**Input data:**
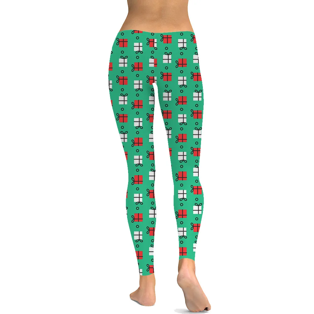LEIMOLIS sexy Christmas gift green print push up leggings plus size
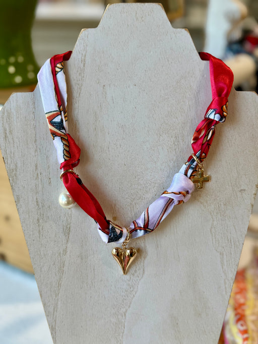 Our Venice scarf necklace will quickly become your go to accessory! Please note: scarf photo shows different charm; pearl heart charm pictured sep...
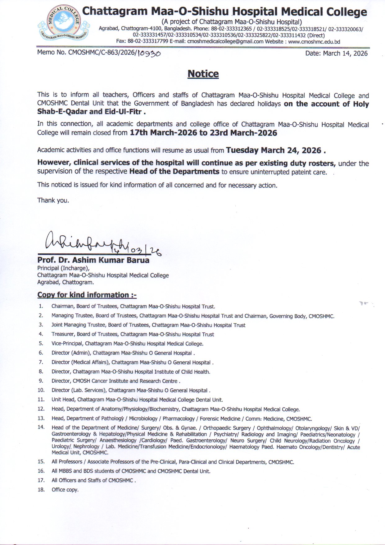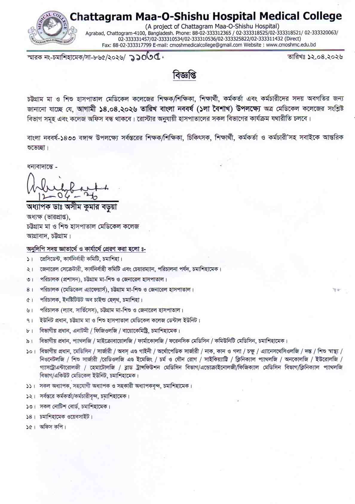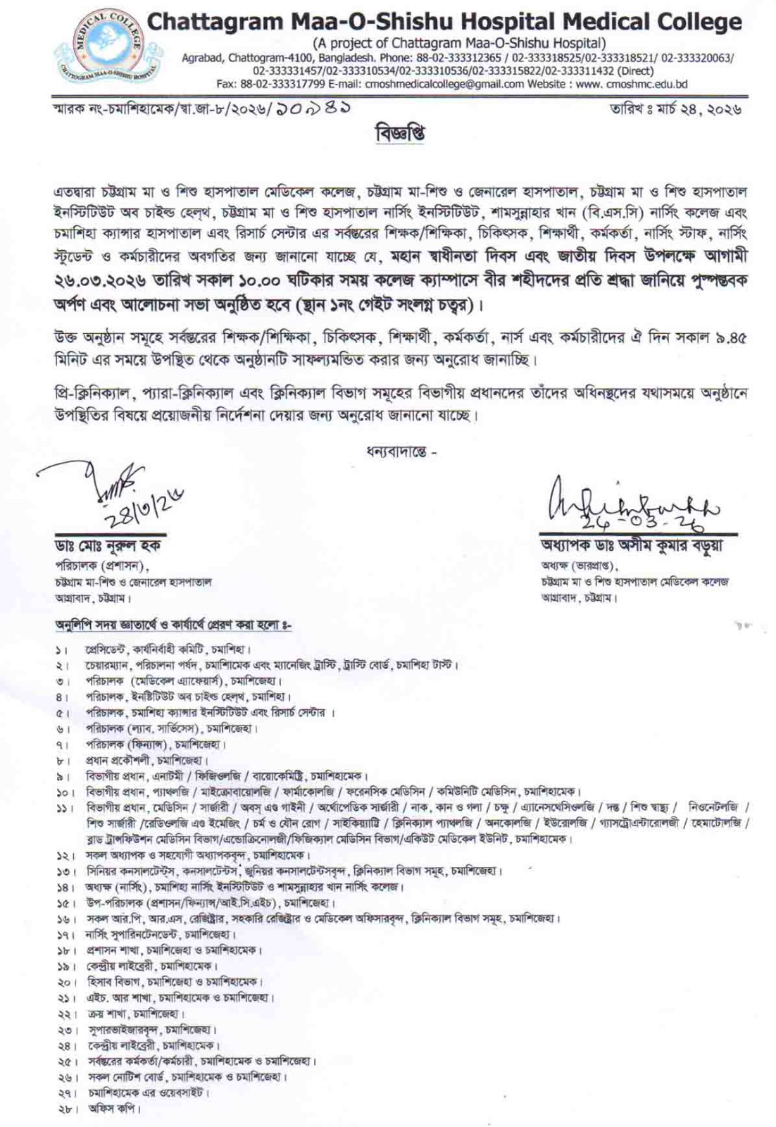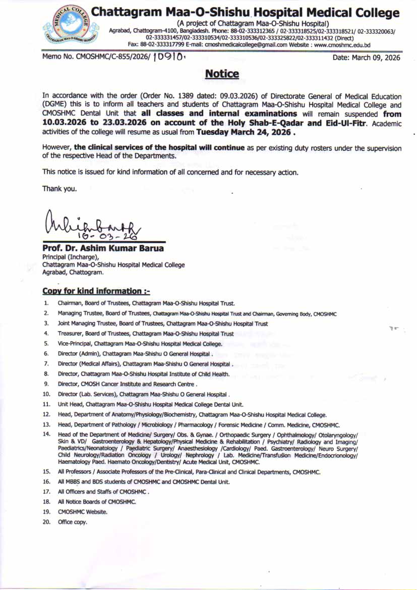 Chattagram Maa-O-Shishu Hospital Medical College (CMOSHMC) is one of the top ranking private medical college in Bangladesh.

**Task to complete:** Give the listing above again in its entirety and exactly; do not include the pictures.

**Answer box:**
LEIMOLIS sexy Christmas gift green print push up leggings plus size
 Our Venice scarf necklace will quickly become your go to accessory! Please note: scarf photo shows different charm; pearl heart charm pictured sep...
 Chattagram Maa-O-Shishu Hospital Medical College (CMOSHMC) is one of the top ranking private medical college in Bangladesh.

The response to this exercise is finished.